The outcomes may even get better in the future, says Jacqueline French, M.D., professor of neurology at the New York University Langone Medical Center, co-director of epilepsy research and epilepsy clinical trials at the NYU Comprehensive Epilepsy Center, and Fellow of the AAN. “I think that as we learn how to manipulate frequencies and which patients are the best candidates for these treatments, results will improve,” she says.
STILL WAITING APPROVAL
Both the deep brain and cortical stimulation devices have been approved by European authorities and are available in European countries. So far, however, neither device is available in the United States. The U.S. Food and Drug Administration (FDA) is still deliberating on whether to approve them.

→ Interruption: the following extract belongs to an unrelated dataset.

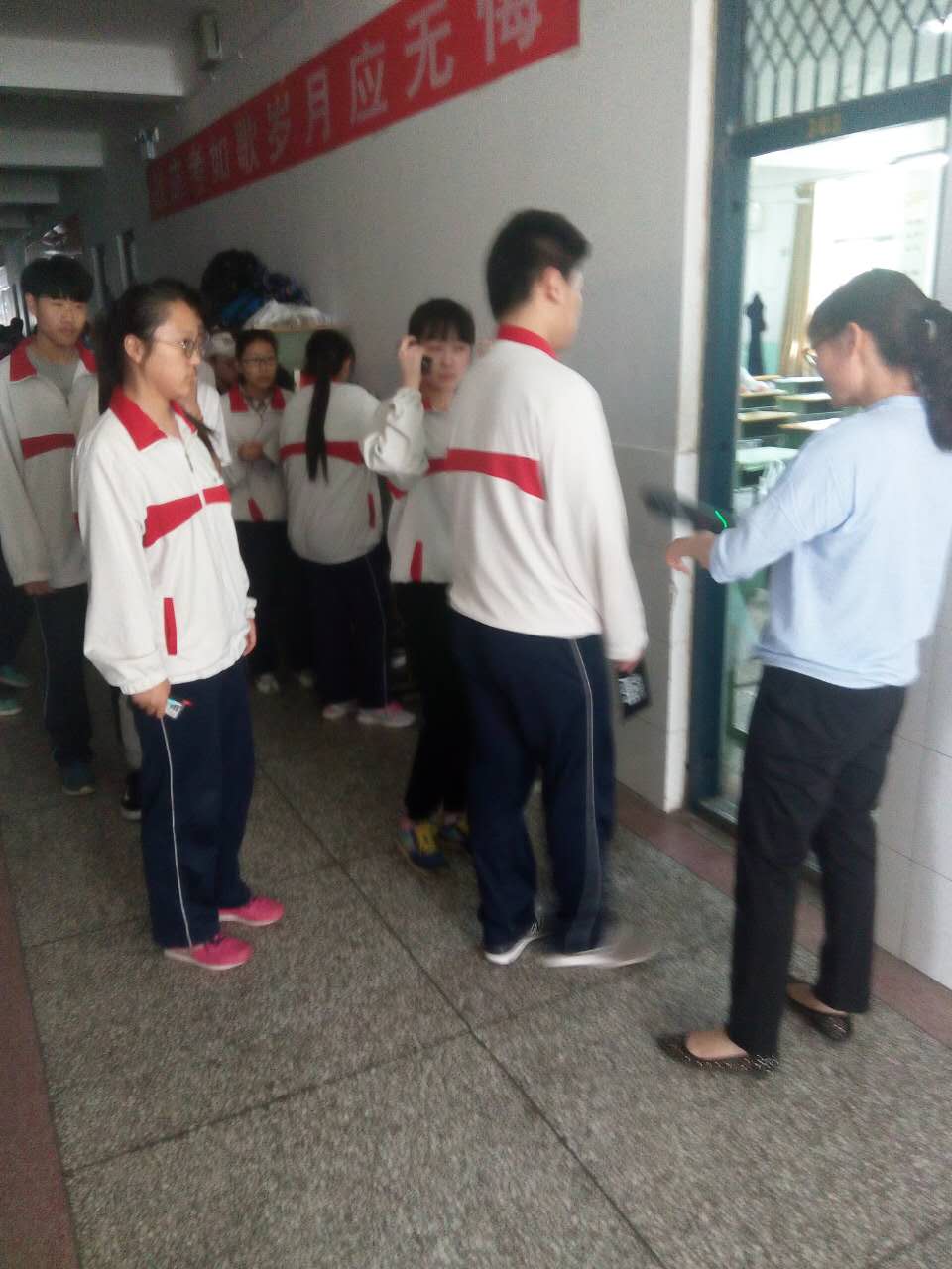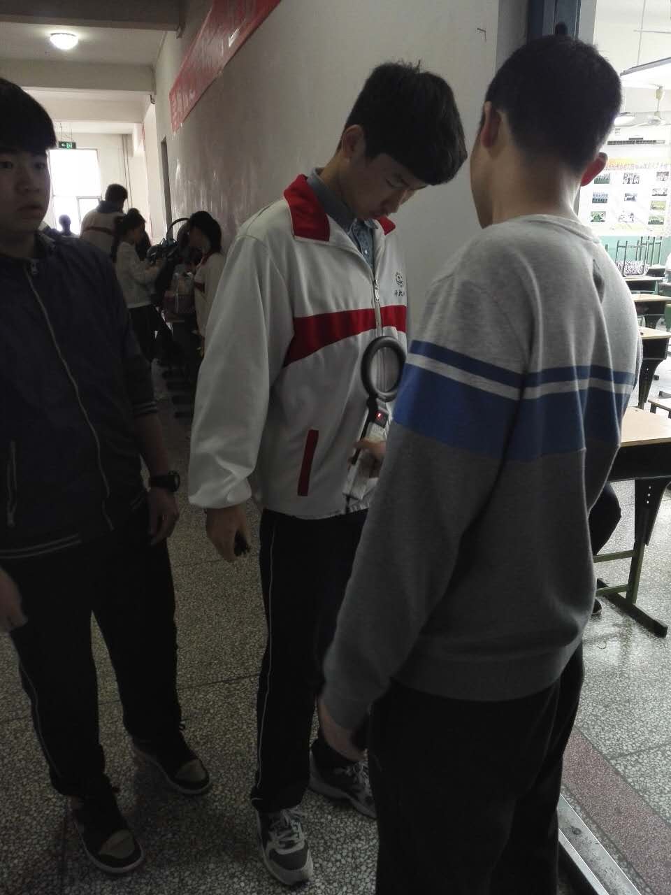 为确保考试效果,高三年级准备了金属探测仪。吴甜甜、杨建伟两位老师精心录制了语音指导语。年级组织人员联合网络中心工作人员对各考场的多媒体进行了检查,确保录音播放正常。本次考试每个考场配备两名监考老师,全年级老师齐上阵、严监考,确保了本次模拟考试的顺利进行。

Of course, the devices have drawbacks. Both techniques involve brain surgery, which is invasive and involves risks of bleeding and infection, although the complication rates in both trials were low. In the NeuroPace trial, 2 percent of the patients had significant bleeding, although none had long-term neurologic consequences. About 5 percent had infections at their surgical sites. During the SANTE trial, no patients had noticeable symptoms of bleeding; five instances of bleeding did occur but were only seen on brain imaging studies. About 13 percent of the SANTE patients developed infections at the site of their brain surgery.
Dr. Fisher thinks that these studies represent only the beginning for brain stimulation in epilepsy. “In time, new devices besides these will be developed, including ones that have various sensors and different ways of stimulating,” he says. “This is engineering and electronics linked with neuroscience. It's a fast-moving field.” But since it is the job of the FDA and other regulatory agencies to assure the safety of new devices, they must move with caution.
“We're hopeful that this will become available to patients in the near future, but don't know when that might be,” Dr. Fisher says.